L'inquisition!... Duprat n'en imposait pas, c'était bien le cadeau que, du fond de sa captivité lointaine, et pour le prix des sympathies dont il était l'objet, François Ier faisait à son royaume.

La Sorbonne ne suffisait pas au zèle du chancelier, il lui fallait un tribunal spécial entièrement composé de ses créatures.

Ce fut d'abord aux livres et aux auteurs que l'on s'en prit, l'arrestation et le crime réel de Jacobus de Pavanes en donnent l'explication; le ministre avait à se venger du jeune lettré.

Antoine Duprat triomphait.

La nuit sanglante à laquelle nous assistions dans le chapitre précédent, ne cédait la place qu'à une œuvre encore plus sanglante.

Le jour le surprit présidant le conclave de ses nouveaux séides, leur délivrant leur charte, et préludant par ses instructions aux violences dont nous venons de donner une faible peinture.

Tous les luthériens étaient à ses yeux des Jacobus de Pavanes; afin de frapper celui-ci, il voulait les frapper en masse.
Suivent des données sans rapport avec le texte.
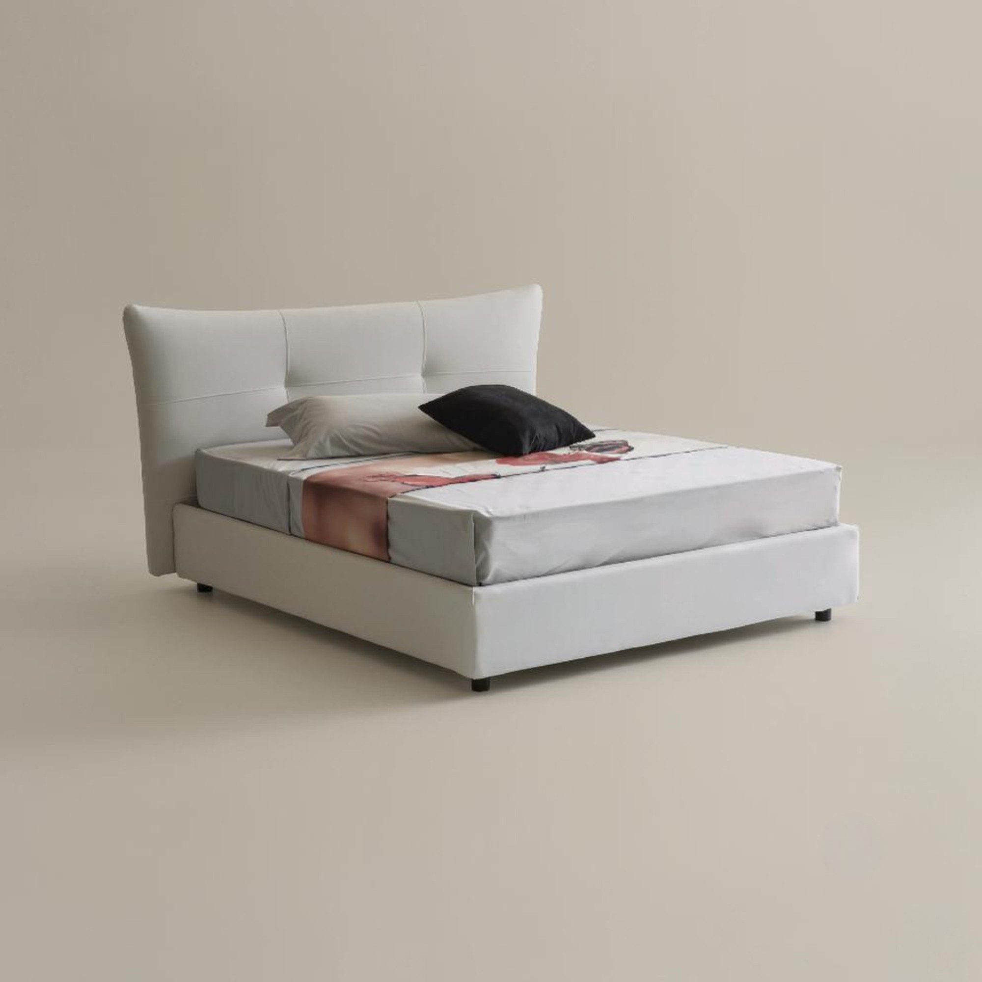 La struttura del letto Orzinuovi poggia su 13 doghe in faggio con doppio rinforzo, per un supporto solido e duraturo durante il riposo. Il contenitore è capiente e accessibile grazie al meccanismo di sollevamento. Il rivestimento è completamente sfoderabile, con ampia scelta di tessuti e microfibre in diversi colori per adattarsi allo stile della camera da letto.
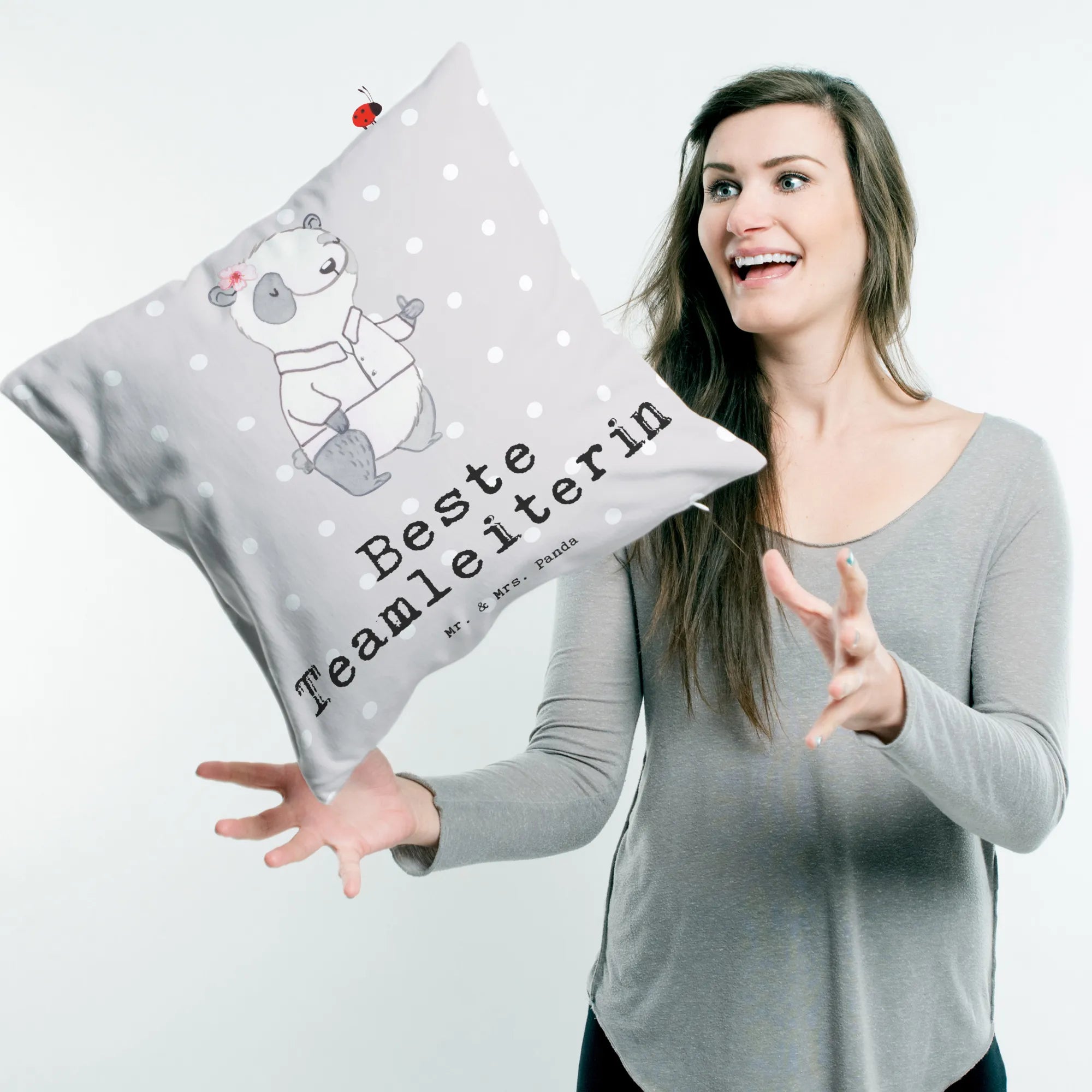 40x40 poduszka Panda Najlepsza kierowniczka zespołu - Pastelowy szary

Des aspirations sanguinaires rugissaient en lui, et il espérait les assouvir, comme si le sang n'appelait pas le sang, et comme si la hyène est jamais repue de cadavres.
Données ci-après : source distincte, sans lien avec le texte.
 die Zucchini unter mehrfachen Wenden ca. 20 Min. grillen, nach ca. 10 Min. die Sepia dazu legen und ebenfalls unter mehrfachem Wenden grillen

Atteindre cette secte audacieuse et maudite, c'était d'ailleurs frapper du même coup Marguerite dans son affection de femme, dans sa foi de chrétienne. C'était s'attaquer à son cœur et à sa conscience, ces deux forteresses inaccessibles à sa passion et à son fanatisme.

Ah! c'était un grand calculateur, que ce grand misérable!

Une pensée importune ne laissait pas, au milieu de son conclave de jacobins inquisiteurs, de lui revenir sans cesse, comme ces aiguillons douloureux qui sont restés dans une plaie. Qu'était devenue la princesse? Que faisait-elle à cette heure?